The context for the discussion is the emphasis since the early 1980s on economic rationalism and managerialism in the health sector, which has as its components cost saving, efficiency, decreased length of stay, enhanced throughput, diagnosis-related groups (DRGs, as a means of categorising like groups of diseases), and effectiveness of outcomes. The use of robotics in prostate surgery demonstrates an emerging problem in much more than its technical novelty. It has implications for future federal government planning; the Australian Health Ministers’ Advisory Council (AHMAC) has identified cancer as a National Health Priority Area (NHPA). In addition, the National Health and Medical Research Council (NHMRC) has identified a range of health issues that are deemed to be important in the timeframe of the NHMRC Strategic Plan 2003–2006. The implications of an ageing Australian population on healthcare resources has resulted in ageing-related research being recognised as a high priority for the NHMRC (NHMRC 2003).
THE ROBOT
The word ‘robot’ comes from the Czech word robota, meaning forced labour, and is defined as a computer-controlled, reprogrammable mechanical device that is equipped with actuators and sensors (Camarillo et al. 2004). Robot development began in the 1940s with the initial intention of using them to manipulate hazardous items from a safe distance. Their use then extended to agriculture, the military, space and oceanographic exploration, and education. There has, however, been a slow crossover of the use of robotics into the field of medicine (Lanfranco et al. 2004). Robotic-assisted surgical techniques are proliferating rapidly across the world and have been reported predominantly, but not exclusively, in the past 8 years as being used for urological, abdominal and cardiac surgical procedures.
The evolution of robots into the surgical arena was due largely to the progression of, and subsequent difficulties associated with, minimally invasive surgical techniques (Darzi & Munz 2004).
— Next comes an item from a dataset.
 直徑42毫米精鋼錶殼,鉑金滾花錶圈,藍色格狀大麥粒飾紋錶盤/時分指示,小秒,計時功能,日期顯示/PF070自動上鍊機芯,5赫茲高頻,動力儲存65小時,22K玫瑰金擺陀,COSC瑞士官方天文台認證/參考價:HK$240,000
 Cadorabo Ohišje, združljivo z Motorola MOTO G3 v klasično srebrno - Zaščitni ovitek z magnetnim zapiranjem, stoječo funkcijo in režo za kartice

Minimally invasive (MIV) surgery involves passing instruments and viewing equipment through small incisions to the surgical site. Long manipulators are used to perform surgical procedures with manual guidance. While MIV surgery has many advantages, substantial difficulties associated with the procedure, such as poor touch feedback, loss of 3-dimensional vision and poor ergonomics of the tools, have all been reported (Camarillo et al. 2004, Hemal & Menon 2004) making it a difficult technique for the operator to master (Menon et al. 2003). To overcome this, the clinical introduction of robotic systems, such as the teleoperated da Vinci system, has opened up a new era of MIV surgery with the potential to eliminate many of these obstacles. From the literature it can be concluded that robotic surgery has a number of benefits over traditional surgery, for the surgeon, the patient and the healthcare institution.
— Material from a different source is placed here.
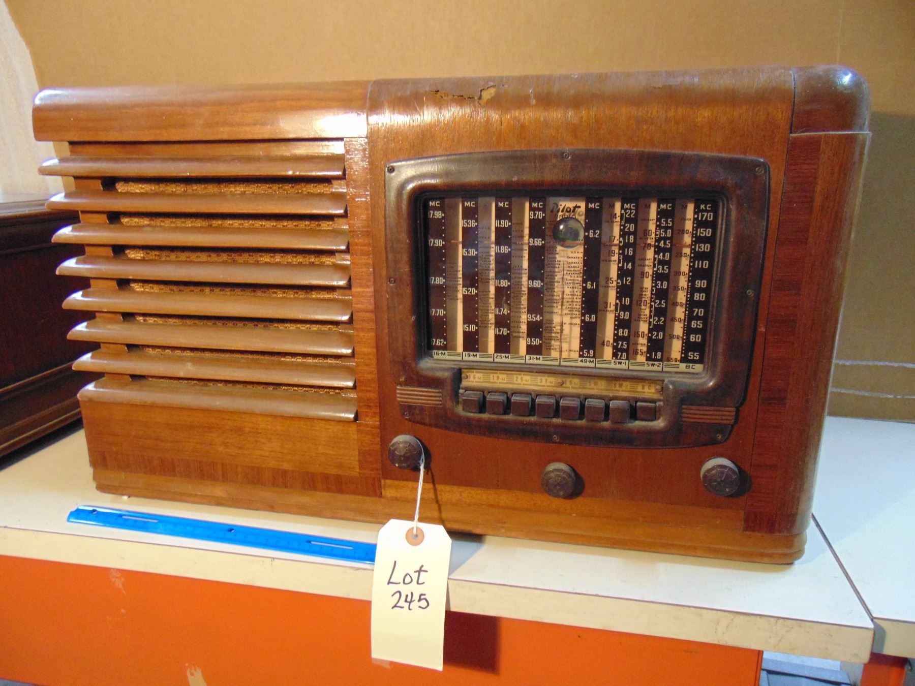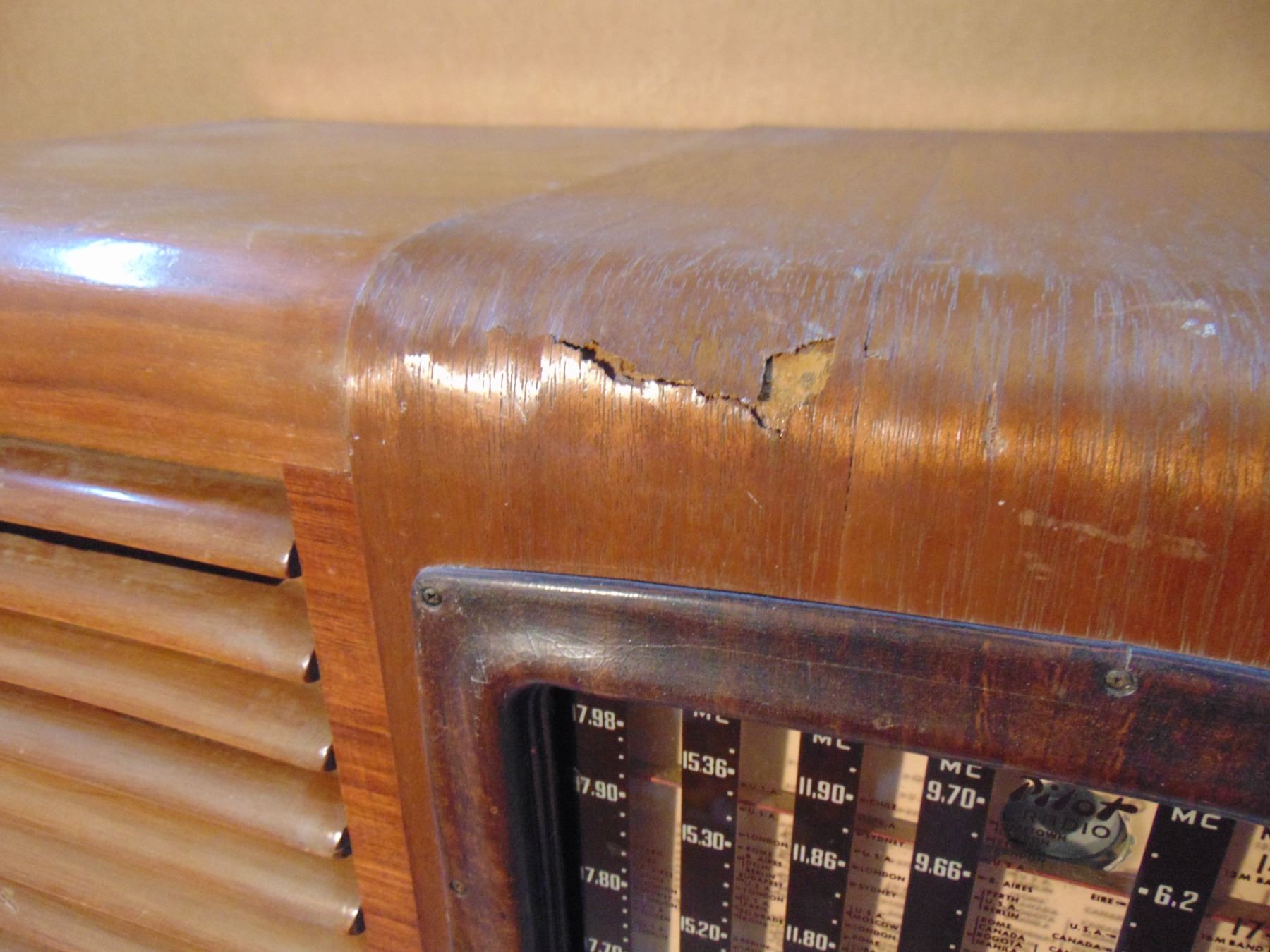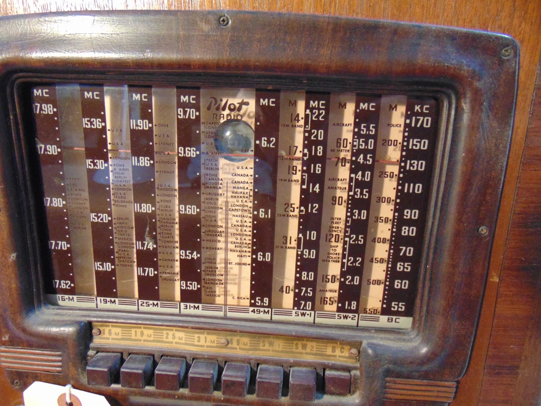 Pilot large 11 tube plus two ballast tubes wood table top; multi-band shortwave and broadcast. Veneer waterfall on top front will need to be repaired. Includes three pilot wheel knobs and tuning eye.

The robotic system provides the surgeon with restoration of hand–eye coordination that was lost with MIV surgery. The instruments are easier to manipulate from an upright position at the console. The 3-dimensional vision allows for depth and perception and high-resolution video magnification, thus improving precision (Kernstine 2004, Lanfranco et al. 2004). The computer software of the robotic system allows elimination of hand tremors (Lanfranco et al. 2004, Mohr et al. 2001).
The demonstrated general benefits for patients include smaller incision sites, reduced bleeding and hence a reduced need for blood transfusion and reduced rate of occurrence of bacterial infections. Other potential benefits include reduced surgically related pain as a result of the lack of an extensive incision, and earlier mobility, hence faster patient recovery resulting in decreased length of hospital stay. Patients are reported as recovering faster at home, they begin to enjoy their leisure activities sooner and return to work earlier.
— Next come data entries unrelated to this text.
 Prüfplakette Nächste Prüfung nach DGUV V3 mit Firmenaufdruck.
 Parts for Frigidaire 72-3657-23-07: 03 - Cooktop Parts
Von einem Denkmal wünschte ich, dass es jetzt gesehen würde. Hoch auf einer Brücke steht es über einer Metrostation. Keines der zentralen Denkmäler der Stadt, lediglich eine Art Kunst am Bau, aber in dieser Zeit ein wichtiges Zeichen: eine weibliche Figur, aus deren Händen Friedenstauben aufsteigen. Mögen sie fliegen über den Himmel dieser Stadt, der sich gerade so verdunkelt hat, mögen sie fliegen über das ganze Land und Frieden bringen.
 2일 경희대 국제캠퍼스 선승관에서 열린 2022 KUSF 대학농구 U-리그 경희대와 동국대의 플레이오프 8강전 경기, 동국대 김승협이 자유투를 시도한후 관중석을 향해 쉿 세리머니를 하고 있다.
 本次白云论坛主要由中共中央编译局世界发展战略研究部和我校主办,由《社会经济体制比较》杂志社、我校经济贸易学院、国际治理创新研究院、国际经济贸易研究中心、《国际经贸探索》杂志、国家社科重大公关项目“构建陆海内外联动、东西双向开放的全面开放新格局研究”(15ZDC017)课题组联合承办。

There are a number of reported benefits to an institution associated with the implementation and subsequent use of robotic technology. Reduced inpatient days have been reported following robotic-assisted surgery compared with patients recovering from traditional surgery. Because robotic-assisted surgery is minimally invasive the patient should have fewer traumas postoperatively. In theory this should result in reduced postoperative time in hospital. This results in an overall requirement for less nursing care. A reduction in the number of personnel in the operating theatre should also be a positive freeing up of staff time for direct patient care. From a patient-centred perspective this allows the surgical staff to focus on the patient and the surgery. This patient-centred approach is further enhanced in the postoperative period because the patient experiences less pain, fewer complications, reduced scarring and, as a consequence, a reduced hospital stay, which translates into reduced postoperative nursing care costs for the institution. Further, patients might also have reduced need for postoperative rehabilitation services and this translates into reduced pressures on rehabilitation services.
PROSTATE CANCER
Future trend analyses of the Australian population indicate that the number of people aged 55–64 years is projected to increase by more than 50% over the next two decades. As the number of people under the age of 65 declines, the number over the age of 65 will double in the next half century. By 2031, it is estimated that those people over the age of 65 years will account for more than a quarter of the Australian population (Australian Bureau of Statistics [ABS] 1999, 2001).
Prostate cancer, a disease that most often occurs in the older male (Crowe & Costello 2003), is the second most common cause of cancer-related deaths in men and is a major health concern worldwide (Crowe & Costello 2003, Humphreys et al. 2004). It is the most common form of cancer among men over 55 years of age (Jemal et al. 2002). In Australia, prostate cancer is the most commonly diagnosed cancer in males and was the leading site of new cancer in Victoria in 2003. In 2003, prostate cancer was diagnosed in 3441 men in Victoria (Anti-Cancer Council of Victoria 2005). In light of the ageing of the Australian population the incidence of prostate cancer is hypothesised to rise. Deciding the best treatment for prostate cancer that has not extended beyond the capsule of the gland (referred to as ‘localised’) is a challenge for the consumer as there is a range of treatment modalities available, including surgery, radiotherapy and hormone therapy, or combinations of these.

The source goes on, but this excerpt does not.